Remember Ellen Sauerbrey?

Former minority leader of the Maryland House of Delegates, two-time unsuccessful Republican candidate for governor, former U.S. Representative to the United Nations Commission on the Status of Women, and now Assistant Secretary of State for Population, Refugees, and Migration.

Sauerbrey was on CBS News’ “60 Minutes” last Sunday, explaining why the United States government has admitted so few Iraqis to America, even though the Iraqis are translators who assisted the U.S. military, and whose lives — and those of their families — have been threatened by insurgents who accuse them of “collaborating” with the enemy.

According to “60 Minutes” correspondent Scott Pelley, there are about 100,000 Iraqis who have worked for America. Add their families and the number climbs to perhaps half a million people at risk.
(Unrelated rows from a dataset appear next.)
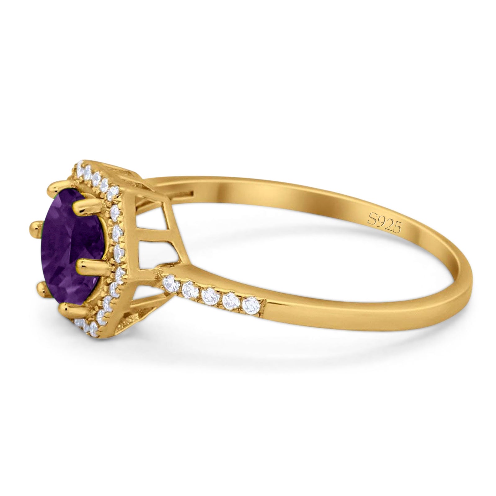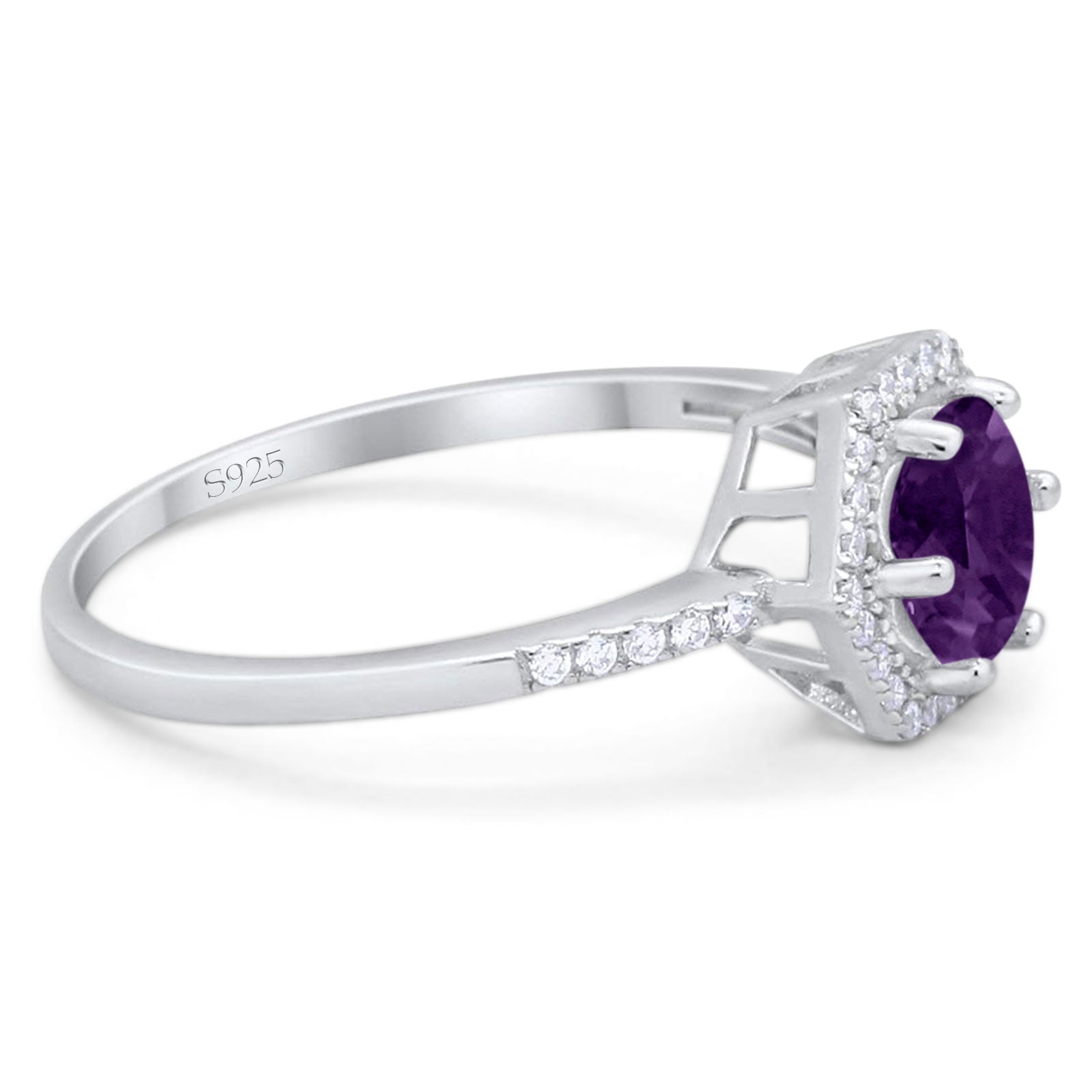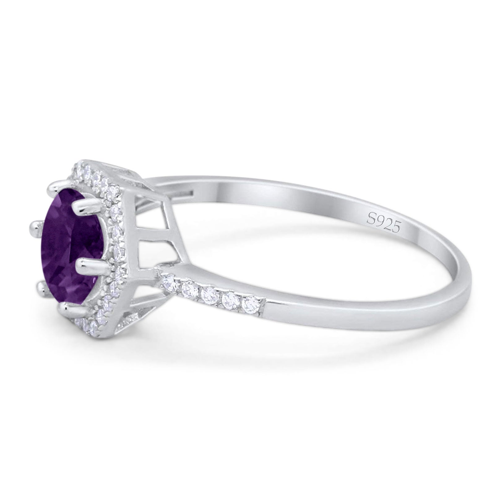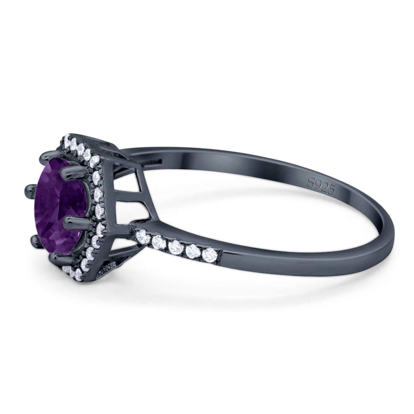 Art Deco Round Natural Amethyst Hexagonal Ring 925 Sterling Silver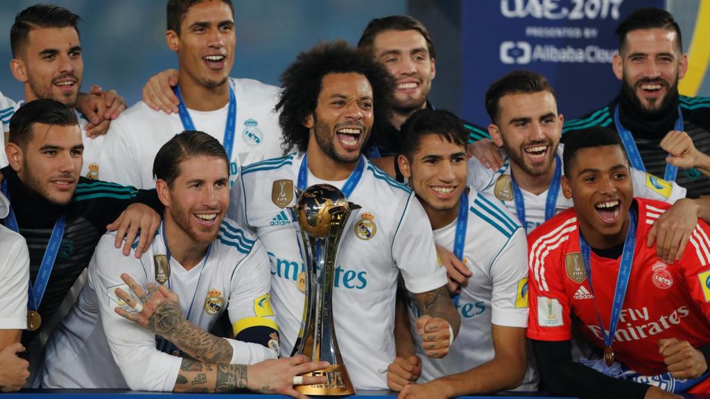 Los jugadores del Real Madrid posan con el título del Mundial de Clubes.
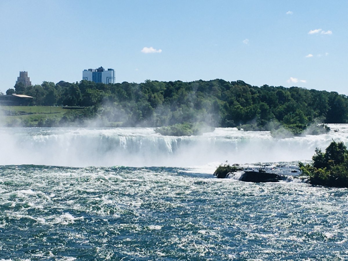Z letiště mě vlak UP Express doveze do centra na Union Station. Místa, kde kromě vlakového nádraží je i autobusové odkud budu často vyjíždět za poznáním a také stanice metra. Můj hotel Neil Wycik leží na Edgar st. East nedaleko od Dundas Square jemuž se říká kanadská Time Square. A opravdu to tady žije ve dne v noci. Pouliční umělci, svítící a blikající neony a reklamy. Ubytování je čistě spartánské. Pokojík 6,5m2, židle a stůl. Absence televize, zrcadla i ramínek. Společný záchod a koupelna pro šest pokojů. Naštěstí minimálně ostatními hosty využívané, protože tak jsem ony místnosti opustil, tak jsem je i druhý den našel. Renomé názvu hotel zachraňuje však slušná snídaně. Teda jestli přijdete mezi prvními, pak už je to boj o jídlo. To vše za tisícovku za noc. Tohle místo mám opravdu jen na přespání, program mám totiž nabitý. Hned zítra brzy ráno mám v plánu headline celého kanadského tripu, Niagarské vodopády!!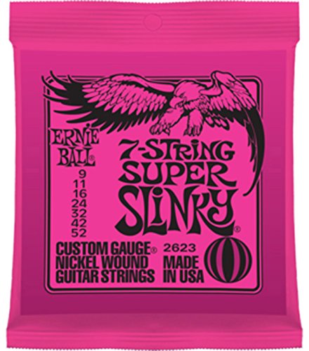 Ernie Ball 7 String Super Slinky Strings are widely revered for their world class tone. These strings are precision manufactured to the highest standards and most exacting specifications to ensure consistency, optimum performance, and long life. Ernie Ball 7 String Super Slinky wound strings are made from nickel plated steel wire wrapped around a hex shaped steel core wire.  The plain strings are made of specially tempered tin plated high carbon steel; producing a well balanced tone for your guitar.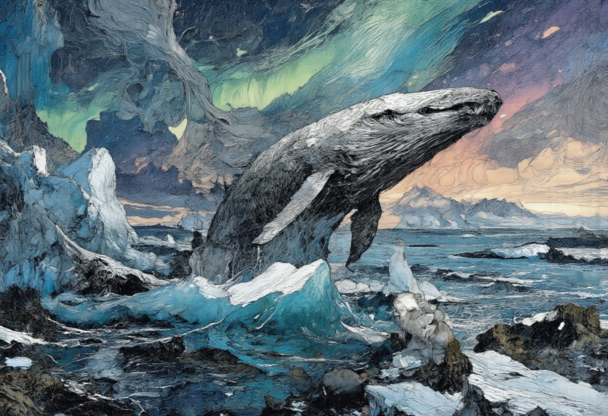 A majestic humpback whale breaches the surface of a shimmering, turquoise Arctic sea, its massive form silhouetted against the ethereal glow of the Northern Lights. Iridescent green and purple auroras dance across the night sky, casting an otherworldly light on the whale's glistening skin. Nearby, a pod of narwhals glides gracefully, their spiraled tusks gleaming in the celestial radiance. Floating ice floes dot the water's surface, reflecting the auroral display and creating a dreamlike mosaic. In the distance, jagged ice cliffs loom, their crystalline faces etched with millennia of history. A curious Arctic fox perches atop a nearby ice chunk, its white fur tinged with the surreal colors of the aurora. Schools of silvery Arctic cod dart beneath the surface, their scales catching flashes of the celestial light show. The scene captures the raw beauty and harmony of Arctic marine life, rendered in stunning 8K detail, with an atmosphere that blends the magical with the majestic. Intricate patterns of refracted light play across the whale's barnacle-encrusted skin, while the auroral glow casts long, ethereal shadows across the icy seascape. <lora:Anime v1.3:0.4> <lora:Illustration_Style_IV:0.5> <lora:flux_dev:1>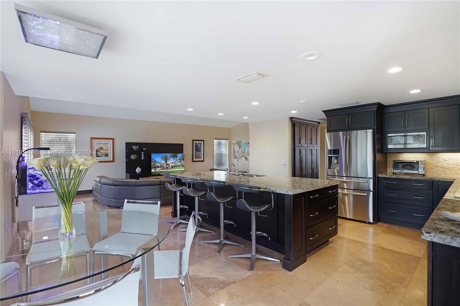 Beautiful water front home with 5 bedroom 4.5 bathroom in the gorgeous city of Davie FL. This property is move-in ready and enjoys over $400,000 in renovations. These include Pool, Jacuzzi, PERMITTED In-law suite, Accordion Hurricane Shutters throughout the whole house, two AC units, two Car Garage, Top of the line Custom Made kitchen with Granite counter tops, Stone back splash, and seamless island with sink, Top Rated Stainless Steel Appliances Two Ovens, Dishwasher, Hood, Fridge Travertine Flooring, Magazine like Stone Wall in one of the two living rooms, Hunter Douglas Sillouette shades throughout the whole house. Luxury bathrooms, walk-in California closets in all rooms, and more...
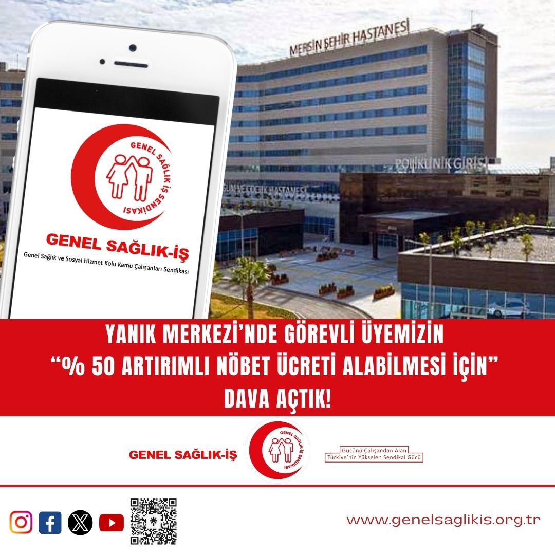 Talep üzere, başvuru dilekçeleri, Sendikamız Hukuk Müşavirliği tarafından hazırlanmış, üyelerimize gönderilmiştir. İdarenin cevabı ise, “657 sayılı DMK’nın Ek 33. maddesinde “Yanık Merkezinin” bulunmaması nedeniyle %50 artırımlı nöbet ücreti ödenemeyeceği” şeklinde olmuştur. Bu yanıt üzerine, Sendikamız ve Sendikamız Hukuk Müşavirliği girişimde bulunmaktan kaçınmamış, Mersin 2. İdare Mahkemesi’nde dava açılmıştır.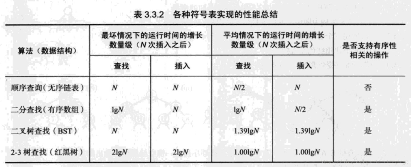 研究红黑树的性质就是要检查对应的 2-3 树并对相应的 2-3 树进行分析过程。所有基于红黑树的符号表实现都能保证操作的运行时间为对数级别(范围查找除外)。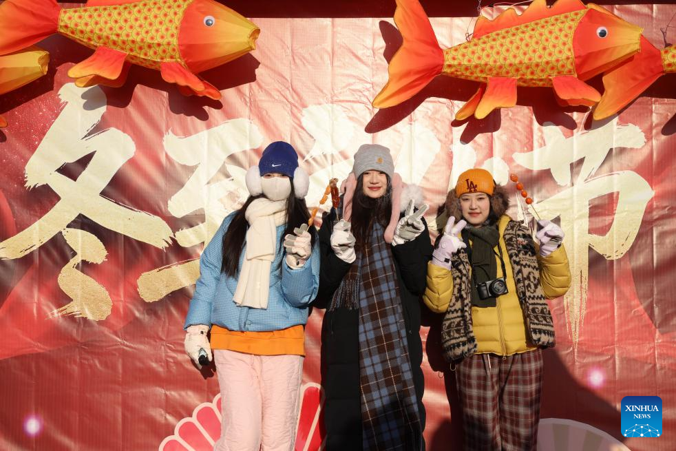 People pose for a photo at a cultural festival on the occasion of the Winter Solstice in Beiji Village of Mohe City, northeast China's Heilongjiang Province, Dec. 21, 2025. People attended a cultural festival marking the Winter Solstice, the shortest day of the year, here on Sunday. (Photo by Shao Tianli/Xinhua)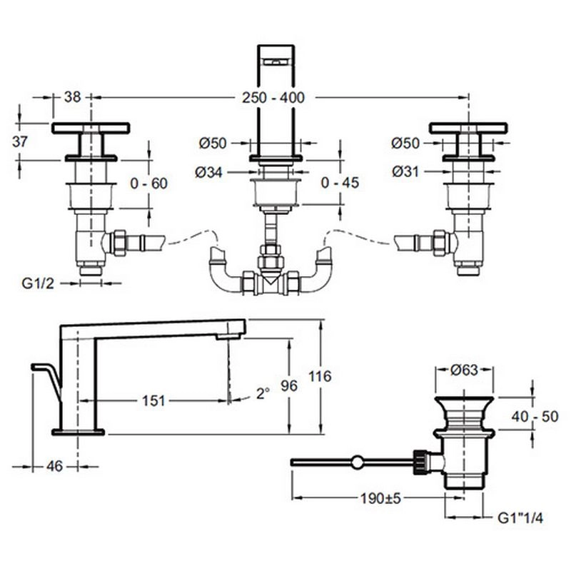 КОЛЛЕКЦИЯ :COMPOSED ВЕС :4.5 кг УСТАНОВКА : 3 отверстия РАСХОД : Максимум 5л/мин ВЫСОТА ПОД ИЗЛИВОМ: 116 мм МЕХАНИЗМ: Кран-буксы с керамическим диском МЕЖОСЕВОЕ РАССТОЯНИЕ: 250 - 400 mm ДЛИНА ИЗЛИВА: 151 мм ГАРАНТИЯ НА ОТДЕЛКУ: : 10 лет на покрытие "Хром" и 25 лет на покрытие "Титан" Аэратор с антиизвестковым покрытием «Ручки-крестовины»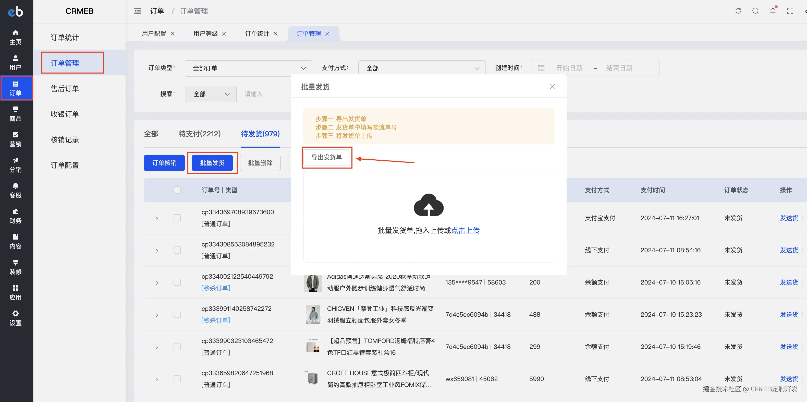 注:导出发货单无需选择订单,只会导出当前待发货(不包含虚拟商品)的订单列表
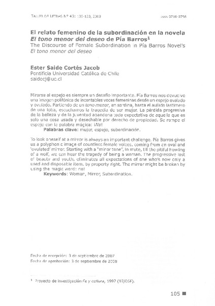 El relato femenino de la subordinación en la novela El tono menor del deseo de Pía Barros [artículo] Ester Saide Cortés Jacob.

And how many have been admitted so far? “About 100,” Pelley said.

Although the State Department has said it would consider 7,000 applications, and admit some 2,000 to 3,000 people this year, there has been very little progress, according to Pelley.

Sauerbrey, who is in charge of the State Department’s refugee program, said the problem is the “very thorough security checks” that the U.S. put in place after Sept. 11, 2001. “ … It takes a lot of time to work people through the security process,” she said.

But the translators have already been vetted by the U.S. armed forces. They’ve worked with Americans in very sensitive positions, and they were trusted. Now they feel “left behind.”

“60 Minutes” also reported that. according to Julia Taft, a former assistant secretary of state who headed the program that saw the admittance of Vietnamese refugees into this country after the U.S. withdrew from Vietnam, there were 131,000 people admitted to the United States over an eight-month period in 1975.

“President [Gerald R.] Ford said, ‘Let them come. Let’s help them. This is what we must do for them. They deserve it,’” Taft recalled. And communities all over the United States accepted the refugees.

“It was a huge enterprise. But it never would have worked had there not been the sustained commitment on the part of the administration working with Congress to make it happen,” Taft said.

Where is the determination on the part of the Bush administration and Congress to help people who have helped us?

Asked if she’s not seeing the kind of political will and leadership in this case that she dealt with in 1975, Taft, a lifelong Republican, replied, “I’m afraid that’s the case.”